2018 ESA Annual Meeting (August 5 -- 10)

COS 125-7 - The un-greening of suburbia: An exploration of the patterns and drivers of tree loss across Long Island, NY

Thursday, August 9, 2018: 3:40 PM
235-236, New Orleans Ernest N. Morial Convention Center
Steve M. Raciti, Penelope Ramos and Anthony Sisti, Biology, Hofstra University, Hempstead, NY
Background/Question/Methods

Urban and suburban trees can provide a wide range of societal benefits such as decreased building energy usage, increased property values, improved human health, and aesthetic beauty. Many municipalities in the New York City metropolitan area are pursuing greening initiatives to maintain and increase these positive ecosystem services for their citizens. Unfortunately, these greening initiatives face difficult challenges, which include an increasing frequency of severe storm events due to climate change, loss of tree and forest cover due to land development, and possibly increasingly negative attitudes towards urban trees as a result of tree-fall damage during major storms. These problems are compounded by a lack resources to monitor and respond to changes in tree canopy over time.
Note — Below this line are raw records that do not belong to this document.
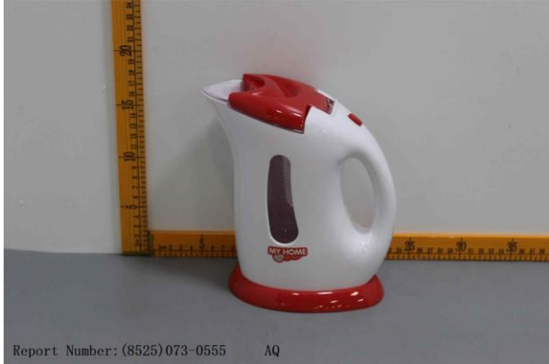
Report Number: (8525)073-0555 AQ
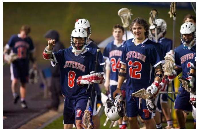
The varsity boys lacrosse team is all smiles after defeating Fairfax.
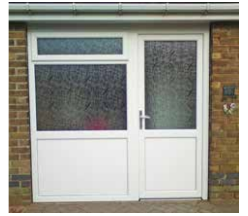
uPVC door and sidelight with midrail and plain panel to lower section
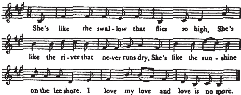
Figure 1. John Hunt's melody as published by Karpeles in 1971. © 1971 Faber Music Ltd. Reproduced by kind permission of the publishers. All Rights Reserved.
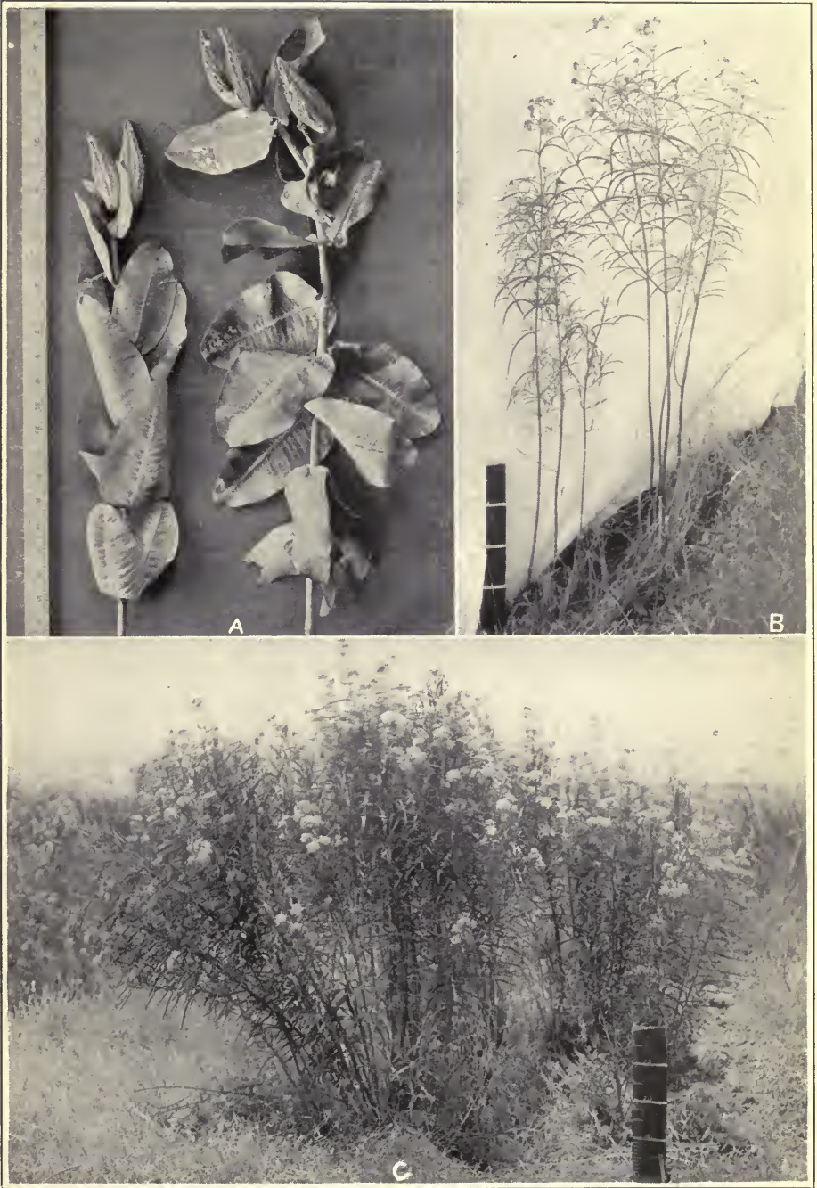
A. Asclepias sullivanti , collected at Lincoln, Nebraska.
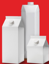
Empty liquid cartons e.g. juice, dairy, coconut milk, almond milk, custard

To help address these challenges, I will present 1) a method for analyzing tree canopy and land use change over time that is potentially suitable for use by citizen scientists, 2) estimates of tree canopy change across a 180 km urban-to-rural gradient from New York City to eastern Long Island, 3) insights into the major drivers of tree canopy loss across this gradient from 2001 – 2016, and 4) an analysis of the relationship between protective tree ordinances and patterns of canopy change.

Results/Conclusions

We found strong evidence that tree canopy loss far exceeded rates of replacement across our urban-to-rural gradient. When evaluated on an absolute basis, canopy losses were greatest in less-densely-populated portions of the gradient, where new development accounted for a large proportion of net canopy loss. However, when rates of loss were normalized based on 2001 tree cover, the opposite was often true: older, high-density suburban areas often had greater proportional tree canopy loss than exurban and rural areas. Municipalities with strong tree ordinances did not appear to have significantly lower rates of tree canopy loss than neighboring areas. These results suggest that high rates of urban canopy loss are not isolated to fast-developing exurban areas. Furthermore, the presence of strong tree ordinances, alone, are not enough to prevent rapid declines in urban forest area, given high rates of non-development-related tree loss and comparatively low recruitment of new trees into the urban forest.